The code below is my current version of Gaussian blur in opencv and tensorflow.
import tensorflow as tf # v2.2.0, requires tf 2 for example
import numpy as np # v1.21.6
import cv2 # v4.6.0
from timeit import timeit
def opencv_gauss_blur(im):
return cv2.GaussianBlur(im.copy(), (5, 5), 1.1)
@tf.function
def tf_gauss_blur_stacked(im, im_out, kernel2D):
for ii in range(im.shape[-1]):
im_slice = im[0, :, :, ii][tf.newaxis, :, :, tf.newaxis]
im_out[0, :, :, ii].assign(tf.nn.conv2d(im_slice, kernel2D, strides=[1, 1, 1, 1], padding="SAME")[0,:,:,0])
return im_out
@tf.function
def tf_gauss_blur(im, kernel3D):
return tf.nn.conv2d(im, kernel3D, strides=[1, 1, 1, 1], padding="SAME")
# input image A with dimensions (x, y, channel)
A = np.random.randint(0, 4095, (40, 50, 3)).astype(dtype=np.float32)
B = opencv_gauss_blur(A)
blur_kernel = cv2.getGaussianKernel(5, 1.1) * cv2.getGaussianKernel(5, 1.1).T
kernel2D = tf.constant(blur_kernel, dtype=tf.float32)[:, :, tf.newaxis, tf.newaxis] # shape dims: X, Y, num_input_channels, num_output_channels
kernel3D = np.zeros(shape=kernel2D.shape[:2] + (A.shape[-1], A.shape[-1]), dtype=np.float32)

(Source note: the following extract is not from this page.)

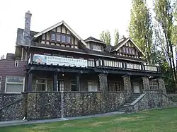 The Burnaby Art Gallery is located in Fairacres Mansion, which was designed by Robert Percival Sterling Twizell[4] (1875-1964).[5] Fairacres Mansion, also called Ceperley House, for its original owners, was built in 1910 at an estimated cost of C$150,000.00, making it the largest and most expensive house in Burnaby, BC of its time.[6] It was constructed in the Edwardian Arts and Crafts style with handmade fixtures, carpentry and tiled fireplaces. The grounds included horse stables, an aviary, gazebo and pergola, lagoons, strawberry fields, greenhouses, a steam plant and a gardener's cottage.[7] The tiles throughout the house were imported from England, fabricated by Conrad Dressler and his Medmenham Pottery. In the former billiards room and parlour, a grand oak mantelpiece, hand-carved by George Selkirk Gibson, bears a quote by Ralph Waldo Emerson: "The ornament of a house is the friends who frequent it."[8] On the death of the original owner, Grace Ceperley, the house was sold to a series of private owners. In 1939, it was acquired by Benedictine monks, and became an Abbey in 1953.[9] The Order vacated the house in 1954 when it moved to Westminster Abbey (British Columbia) in Mission. After the Benedictines sold the property, it was used by the Canadian Temple of More Abundant Life and as a fraternity house for Simon Fraser University's Delta Upsilon Fraternity.[10] In 1966, the Burnaby Art Society, led by Jack Hardman, Sheila Kincaid and Winifred Denny, among others, worked with the City of Burnaby to purchase the 3.4 hectares (8.4 acres) site for C$166,000.00. The Burnaby Art Gallery opened its doors in June 1967.[11]
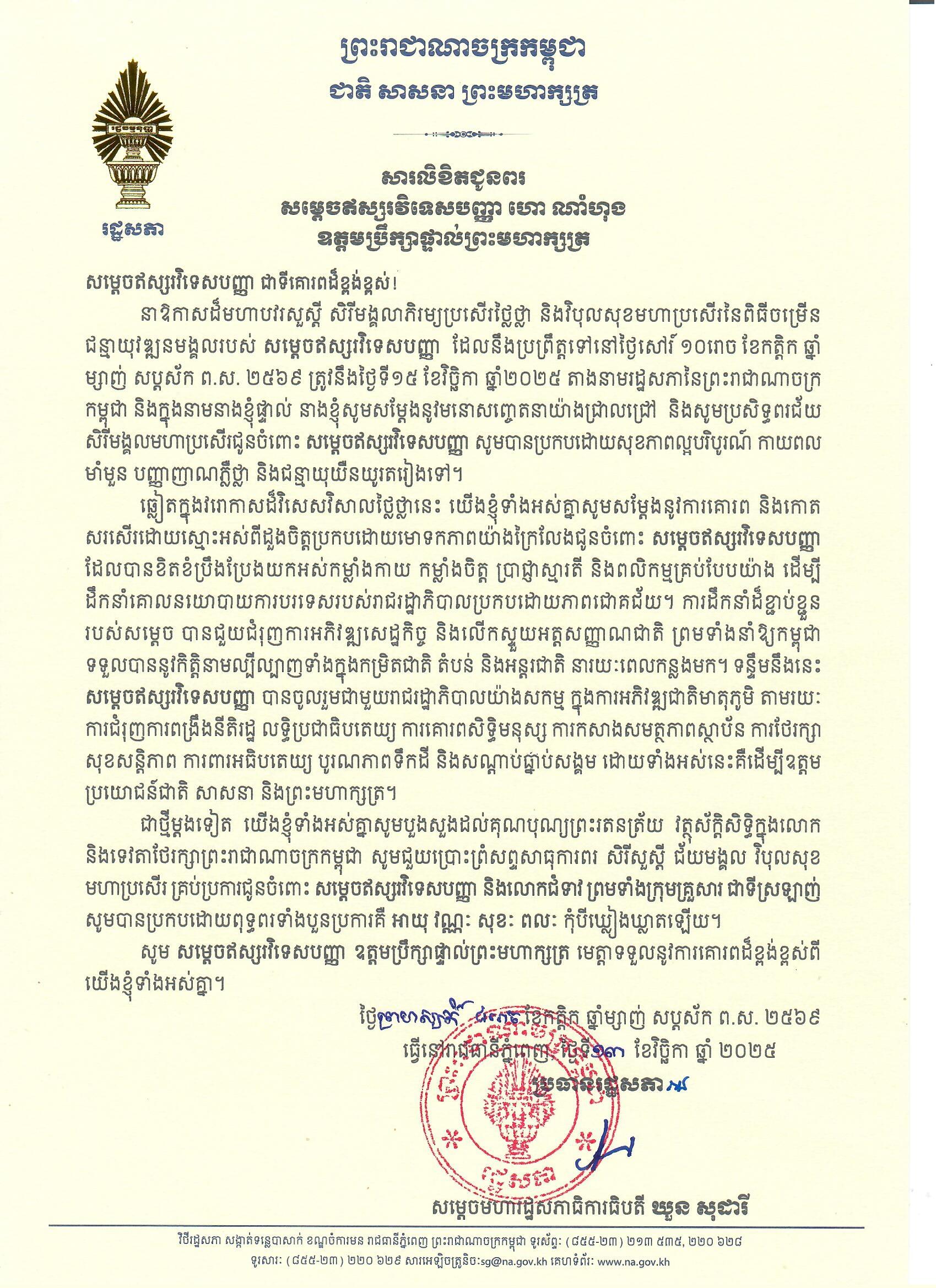 សម្ដេចមហារដ្ឋសភាធិការធិបតី ឃួន សុដារី ផ្ញើសារលិខិតជូនពរ សម្តេច ឥស្សរវិទេសបញ្ញា ហោ ណាំហុង ក្នុងឱកាសខួបកំណើត គម្រប់ ៨៩ឆ្នាំ ឈានចូល ៩០ឆ្នាំ Posted on ថ្ងៃសុក្រ, 14 ខែវិច្ឆិកា, 2025ថ្ងៃសុក្រ, 14 ខែវិច្ឆិកា, 2025

for ii in range(A.shape[-1]):
kernel3D[:, :, ii, ii] = kernel2D[:, :, 0, 0]
kernel3D = tf.constant(kernel3D, dtype=tf.float32)
tfA = tf.constant(A, dtype=tf.float32)[tf.newaxis, ] # shape dims batch, X, Y, cha
im_out = tf.Variable(tfA)
B_tf_stack = tf_gauss_blur_stacked(tfA, im_out, kernel2D)
B_tf = tf_gauss_blur(tfA, kernel3D)
print(np.abs((B_tf[0, 2:-2, 2:-2, ] - B[2:-2, 2:-2,])).max())
print(np.abs((B_tf_stack[0, 2:-2, 2:-2, ] - B[2:-2, 2:-2,])).max())
The max difference between openCV and tensorflow is < 0.001 (on scale of 0-4095), which is sufficient agreement.
Timeit from the console:
%timeit B = opencv_gauss_blur(A)
%timeit B_tf = tf_gauss_blur_stacked(tfA, im_out, kernel2D)
%timeit B_tf = tf_gauss_blur(tfA, kernel3D)
Gives 11, 386 and 257 us per loop (mean ± std. dev. of 7 runs, 1000 loops each). OpenCV convolutes a 1D gaussian in X and then a 1D gaussian in Y direction, which should yield the same as the 2D/3D tensorflow functions, but has 2.5x/7.5x fewer computations.